> GIVEN MATERIAL:
'''

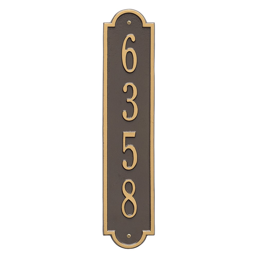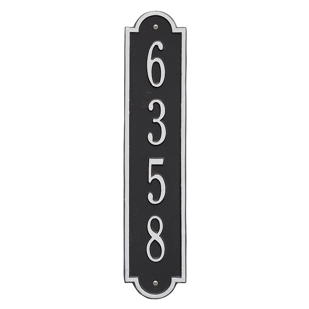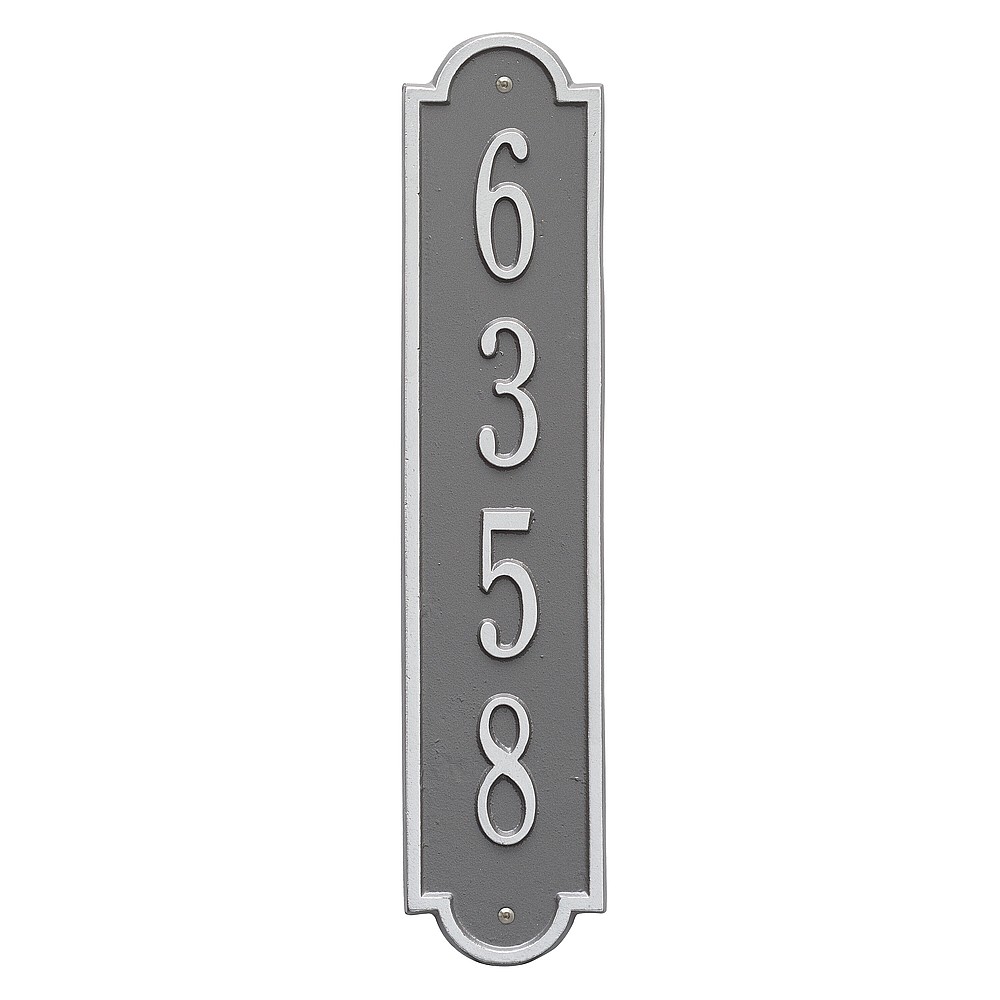 5 – 3″ characters or 7 – 1.75″ characters The Whitehall Products Richmond Address Plaque will accentuate your home exteriors with its elegance. The address plaque is made from rust-free cast aluminum providing excellent quality. Tall and slim, it is a good choice for entryways that need a Vertical Address Plaque Made in the USA Cast from recycled aluminum – will not rust. Alumi-Shield™ All Weather Coatings: A Whitehall Exclusive Enhances curb appeal while adding value to your home Personalization is permanently cast into the sign
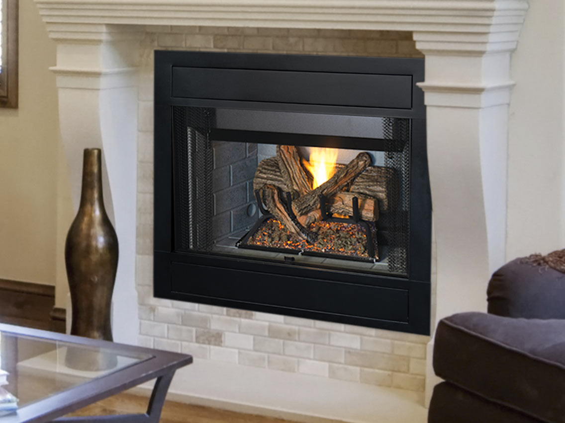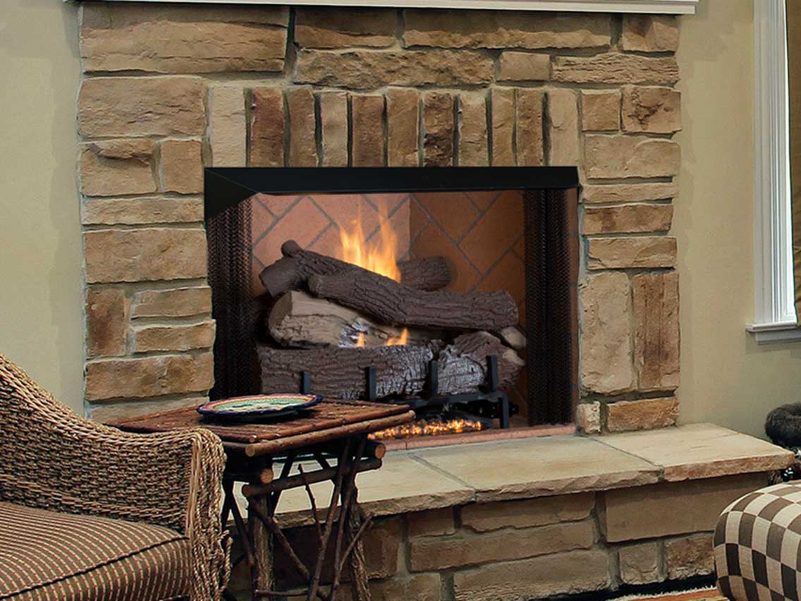 Today’s factory-built, open-hearth, wood-burning fireplaces offer the look and feel of a traditional masonry-constructed fireplace at a much lower installed cost. They also are considered a “dual-fuel” appliance in that they can be used to burn natural wood or be retrofitted with gas log sets. Because the chimney system can withstand the higher temperatures of burning wood, it can also accept gas log sets that burn with larger flames than a gas-only fireplace. Combined with heavy-duty grates and realistic ember beds, a wood-burning fireplace combined with a vented gas log set is an option to consider if you want a decorative fireplace.
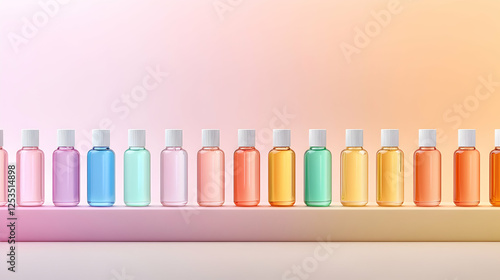 bottle, colourful, cosmetic, beauty, product, gradient, background, row, banner, advertising, skincare, arrangement, colours, hygiene, container, elegance, merchandise, design, package, plastic, style, nobody, display, clean, mock, space, pastel, product, spectrum, well-being, health care, liquid, shiny, collection, assortment, label, isolated, toiletry, modern, studio, shelf, composition, presentation, serum, essential, blank
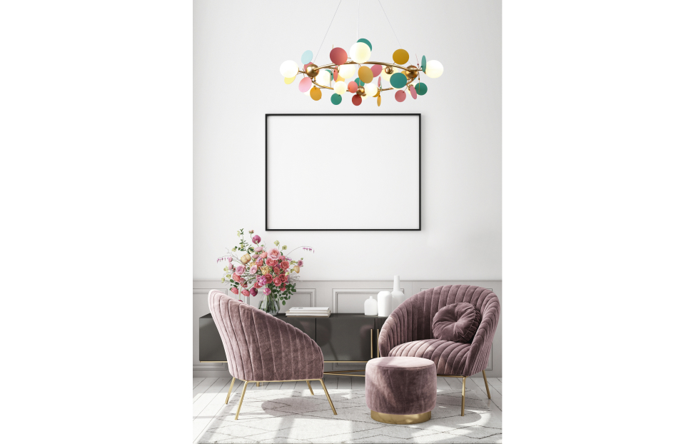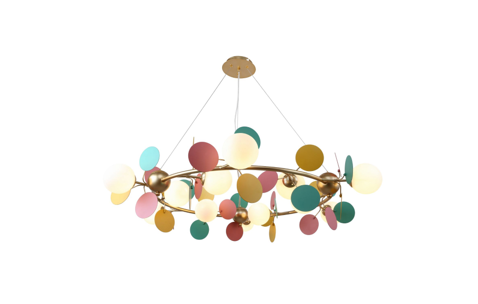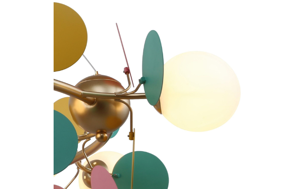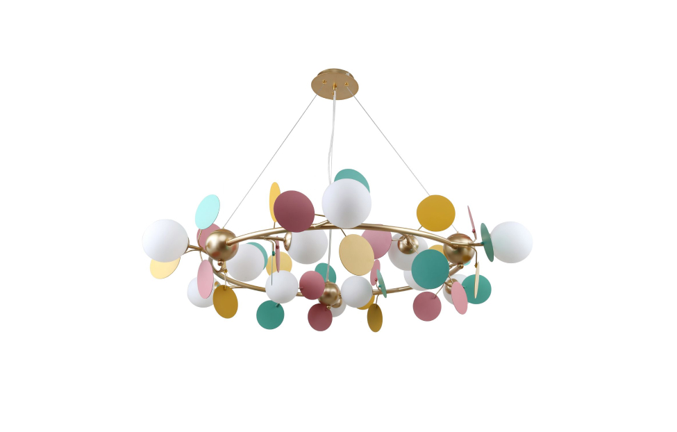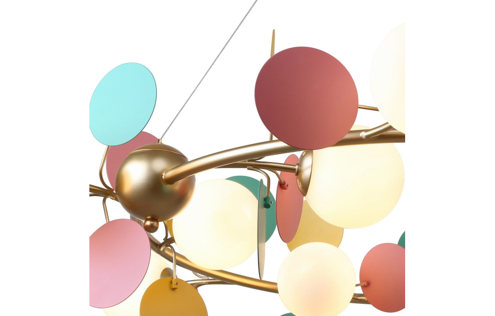 Multi Bliss поражает своим буйством красок и контрастом. Светильники из коллекции Multy Bliss чаще всего используют для детских комнат, чтобы создать уютную и игривую атмосферу. Декоративные круглые разноцветные пластины люстры и бра создают яркий и эффектный акцент в интерьере, придавая ему оригинальность и индивидуальность. Металлический каркас золотого цвета, круглые стеклянные плафоны молочного цвета, декоративные круглые разноцветные пластины, декоративные золотые шары, регулируемая высота.

'''

> PROBLEM STATEMENT: The whole listing above is to be repeated exactly, apart from its pictures.

> EXERCISE ANSWER:
 5 – 3″ characters or 7 – 1.75″ characters The Whitehall Products Richmond Address Plaque will accentuate your home exteriors with its elegance. The address plaque is made from rust-free cast aluminum providing excellent quality. Tall and slim, it is a good choice for entryways that need a Vertical Address Plaque Made in the USA Cast from recycled aluminum – will not rust. Alumi-Shield™ All Weather Coatings: A Whitehall Exclusive Enhances curb appeal while adding value to your home Personalization is permanently cast into the sign
 Today’s factory-built, open-hearth, wood-burning fireplaces offer the look and feel of a traditional masonry-constructed fireplace at a much lower installed cost. They also are considered a “dual-fuel” appliance in that they can be used to burn natural wood or be retrofitted with gas log sets. Because the chimney system can withstand the higher temperatures of burning wood, it can also accept gas log sets that burn with larger flames than a gas-only fireplace. Combined with heavy-duty grates and realistic ember beds, a wood-burning fireplace combined with a vented gas log set is an option to consider if you want a decorative fireplace.
 bottle, colourful, cosmetic, beauty, product, gradient, background, row, banner, advertising, skincare, arrangement, colours, hygiene, container, elegance, merchandise, design, package, plastic, style, nobody, display, clean, mock, space, pastel, product, spectrum, well-being, health care, liquid, shiny, collection, assortment, label, isolated, toiletry, modern, studio, shelf, composition, presentation, serum, essential, blank
 Multi Bliss поражает своим буйством красок и контрастом. Светильники из коллекции Multy Bliss чаще всего используют для детских комнат, чтобы создать уютную и игривую атмосферу. Декоративные круглые разноцветные пластины люстры и бра создают яркий и эффектный акцент в интерьере, придавая ему оригинальность и индивидуальность. Металлический каркас золотого цвета, круглые стеклянные плафоны молочного цвета, декоративные круглые разноцветные пластины, декоративные золотые шары, регулируемая высота.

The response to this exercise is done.